## WORK INSTRUCTION
Nothing outside the lines below from the one containing "ਗੱਲ ਦੇ ਮੇਰੇ" through the one containing "അനവദ്യ കെ. എ 5 B" is to be printed; print those exactly, ends included, and drop the pictures.

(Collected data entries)
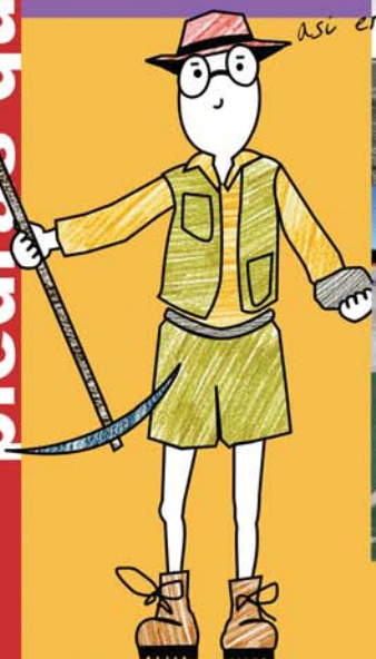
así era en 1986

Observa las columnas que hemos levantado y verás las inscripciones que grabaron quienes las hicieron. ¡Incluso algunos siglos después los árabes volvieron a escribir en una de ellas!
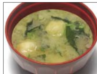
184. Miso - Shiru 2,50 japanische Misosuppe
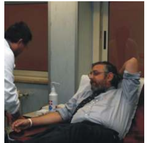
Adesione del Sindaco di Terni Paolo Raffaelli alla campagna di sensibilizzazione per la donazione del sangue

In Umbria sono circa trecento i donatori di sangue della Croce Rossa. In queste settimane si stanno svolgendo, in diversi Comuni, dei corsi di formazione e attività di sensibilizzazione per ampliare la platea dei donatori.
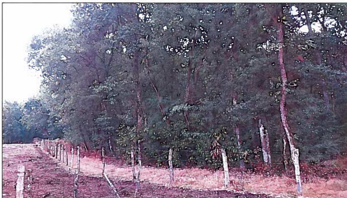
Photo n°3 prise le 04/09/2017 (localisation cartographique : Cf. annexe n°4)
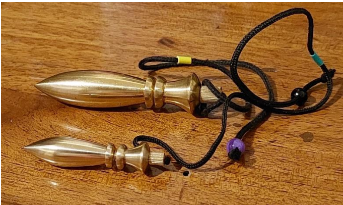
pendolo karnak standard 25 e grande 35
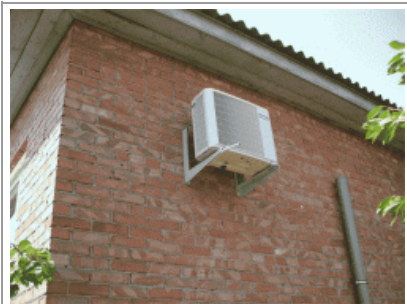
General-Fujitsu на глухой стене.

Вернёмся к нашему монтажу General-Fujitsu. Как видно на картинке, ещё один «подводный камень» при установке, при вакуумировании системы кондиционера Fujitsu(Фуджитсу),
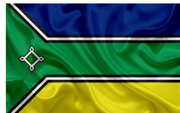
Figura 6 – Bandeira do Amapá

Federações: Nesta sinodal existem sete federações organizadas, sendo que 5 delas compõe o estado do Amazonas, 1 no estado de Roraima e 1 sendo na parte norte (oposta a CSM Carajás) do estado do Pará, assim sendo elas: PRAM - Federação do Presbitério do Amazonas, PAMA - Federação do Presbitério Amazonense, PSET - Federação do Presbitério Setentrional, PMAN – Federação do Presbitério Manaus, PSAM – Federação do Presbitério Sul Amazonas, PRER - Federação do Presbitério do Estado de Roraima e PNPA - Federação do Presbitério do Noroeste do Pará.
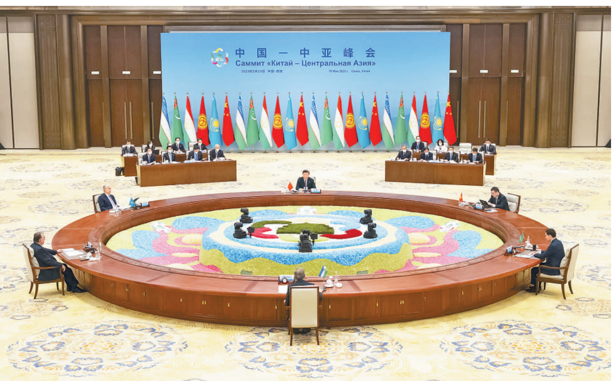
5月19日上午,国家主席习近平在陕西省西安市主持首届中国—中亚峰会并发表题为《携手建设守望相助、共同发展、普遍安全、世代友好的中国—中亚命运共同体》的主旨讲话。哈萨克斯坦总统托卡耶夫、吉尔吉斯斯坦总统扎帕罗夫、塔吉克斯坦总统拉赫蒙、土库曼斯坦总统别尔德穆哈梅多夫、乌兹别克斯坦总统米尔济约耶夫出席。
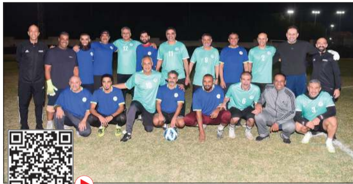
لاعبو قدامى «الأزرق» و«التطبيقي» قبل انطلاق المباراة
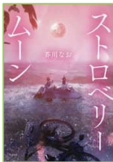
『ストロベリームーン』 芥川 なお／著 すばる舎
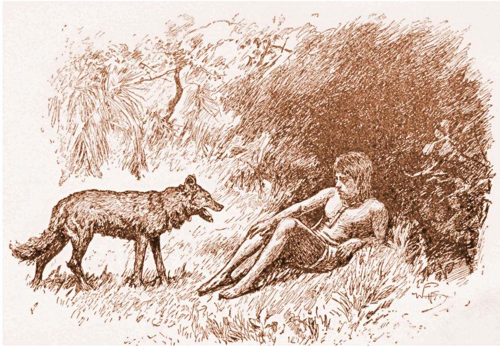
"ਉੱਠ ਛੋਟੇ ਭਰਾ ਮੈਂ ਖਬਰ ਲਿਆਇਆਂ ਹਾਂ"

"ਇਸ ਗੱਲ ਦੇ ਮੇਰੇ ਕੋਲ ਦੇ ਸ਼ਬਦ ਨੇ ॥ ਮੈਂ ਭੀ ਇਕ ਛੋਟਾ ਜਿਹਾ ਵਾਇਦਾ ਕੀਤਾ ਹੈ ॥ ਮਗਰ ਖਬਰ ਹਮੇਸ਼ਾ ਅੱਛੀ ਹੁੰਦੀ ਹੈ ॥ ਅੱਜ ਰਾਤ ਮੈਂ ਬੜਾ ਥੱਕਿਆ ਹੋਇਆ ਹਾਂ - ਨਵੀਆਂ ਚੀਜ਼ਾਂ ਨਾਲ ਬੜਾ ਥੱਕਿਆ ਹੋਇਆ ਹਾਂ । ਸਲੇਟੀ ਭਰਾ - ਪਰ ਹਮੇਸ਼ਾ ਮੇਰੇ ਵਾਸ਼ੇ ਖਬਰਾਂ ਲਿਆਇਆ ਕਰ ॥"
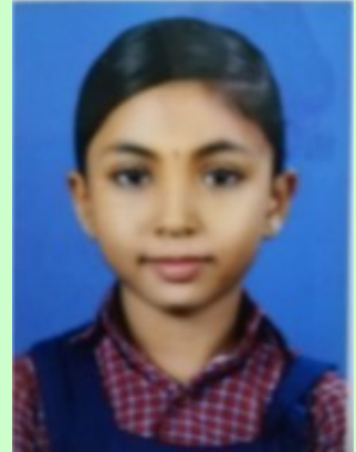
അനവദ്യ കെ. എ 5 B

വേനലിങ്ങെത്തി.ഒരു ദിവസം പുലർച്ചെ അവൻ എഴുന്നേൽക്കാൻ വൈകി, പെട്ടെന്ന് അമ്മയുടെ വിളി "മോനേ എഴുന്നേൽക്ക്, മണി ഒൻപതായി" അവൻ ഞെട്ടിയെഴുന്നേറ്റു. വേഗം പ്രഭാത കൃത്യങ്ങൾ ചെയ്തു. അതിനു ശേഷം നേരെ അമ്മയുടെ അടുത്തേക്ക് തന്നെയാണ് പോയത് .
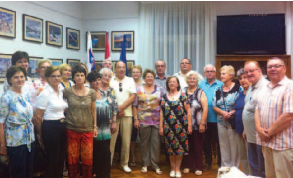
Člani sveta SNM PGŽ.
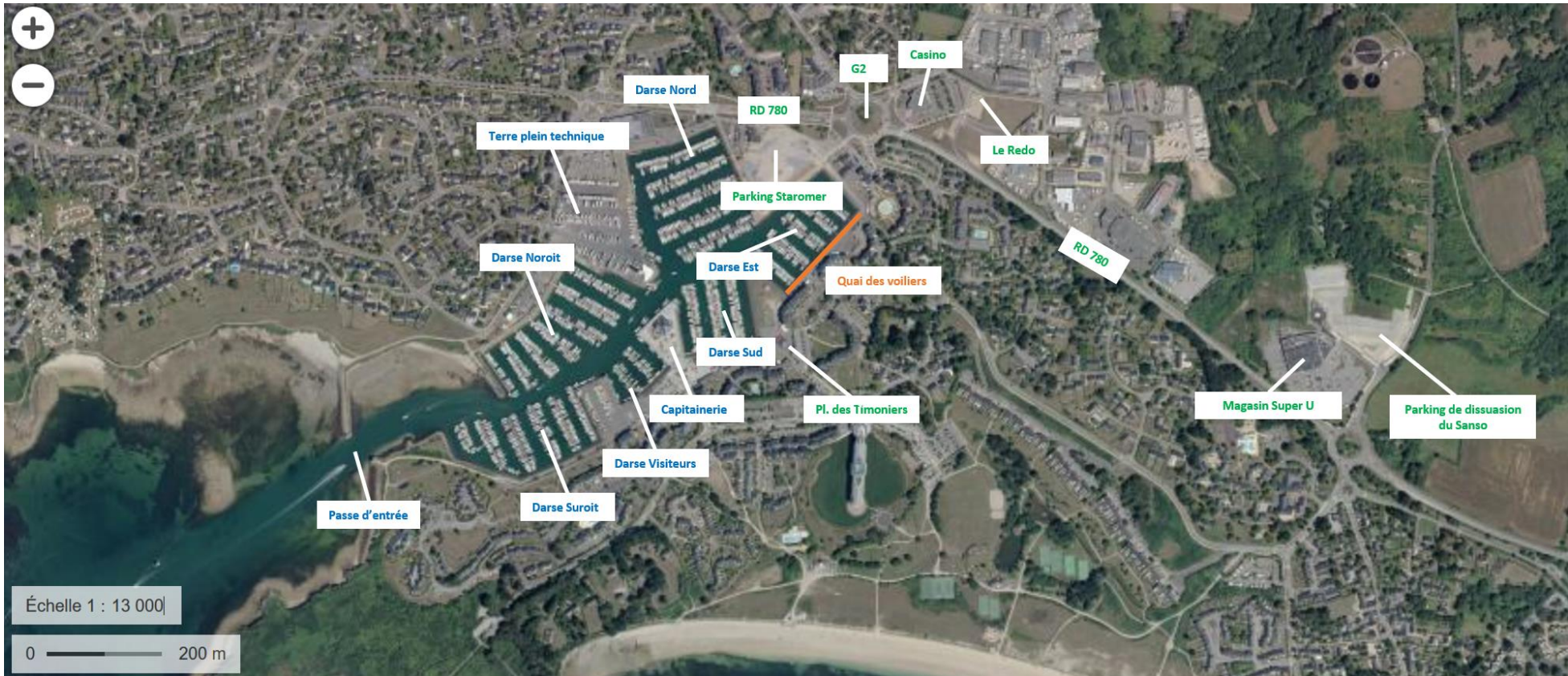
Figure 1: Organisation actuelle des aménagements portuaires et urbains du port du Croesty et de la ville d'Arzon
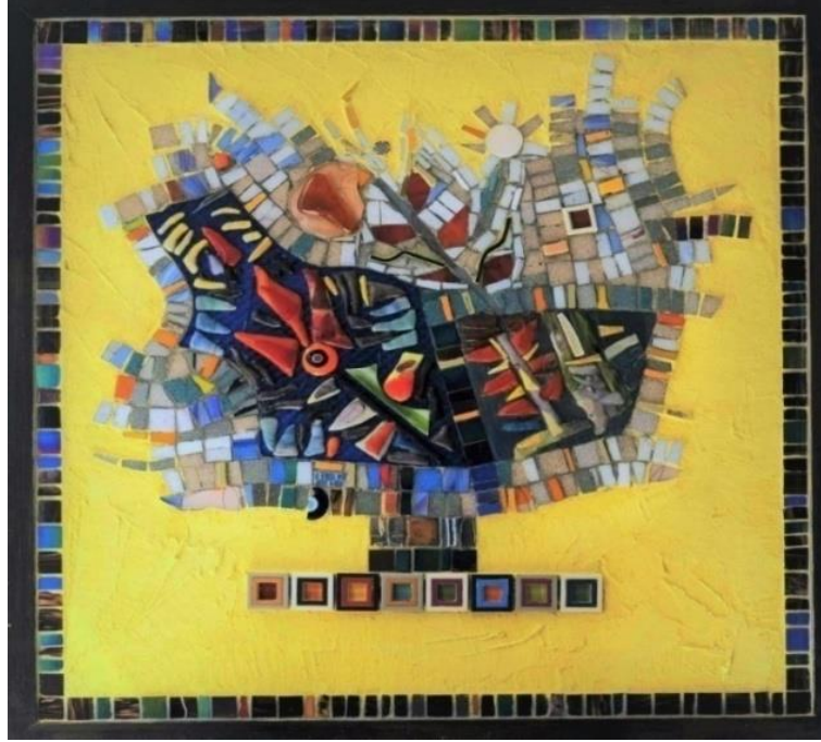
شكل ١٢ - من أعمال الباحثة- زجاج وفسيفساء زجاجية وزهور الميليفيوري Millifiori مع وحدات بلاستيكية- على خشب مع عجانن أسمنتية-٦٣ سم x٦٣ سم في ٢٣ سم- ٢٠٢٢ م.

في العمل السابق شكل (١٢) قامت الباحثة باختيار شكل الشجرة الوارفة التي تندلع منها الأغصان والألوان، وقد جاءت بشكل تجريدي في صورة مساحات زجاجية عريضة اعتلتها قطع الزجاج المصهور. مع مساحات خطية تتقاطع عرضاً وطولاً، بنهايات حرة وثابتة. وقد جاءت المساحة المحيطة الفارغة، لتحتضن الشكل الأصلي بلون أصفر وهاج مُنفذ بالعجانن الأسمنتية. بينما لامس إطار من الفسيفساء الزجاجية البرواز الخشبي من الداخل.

## SOLUTION FOR THIS EXERCISE
"ਇਸ ਗੱਲ ਦੇ ਮੇਰੇ ਕੋਲ ਦੇ ਸ਼ਬਦ ਨੇ ॥ ਮੈਂ ਭੀ ਇਕ ਛੋਟਾ ਜਿਹਾ ਵਾਇਦਾ ਕੀਤਾ ਹੈ ॥ ਮਗਰ ਖਬਰ ਹਮੇਸ਼ਾ ਅੱਛੀ ਹੁੰਦੀ ਹੈ ॥ ਅੱਜ ਰਾਤ ਮੈਂ ਬੜਾ ਥੱਕਿਆ ਹੋਇਆ ਹਾਂ - ਨਵੀਆਂ ਚੀਜ਼ਾਂ ਨਾਲ ਬੜਾ ਥੱਕਿਆ ਹੋਇਆ ਹਾਂ । ਸਲੇਟੀ ਭਰਾ - ਪਰ ਹਮੇਸ਼ਾ ਮੇਰੇ ਵਾਸ਼ੇ ਖਬਰਾਂ ਲਿਆਇਆ ਕਰ ॥"
അനവദ്യ കെ. എ 5 B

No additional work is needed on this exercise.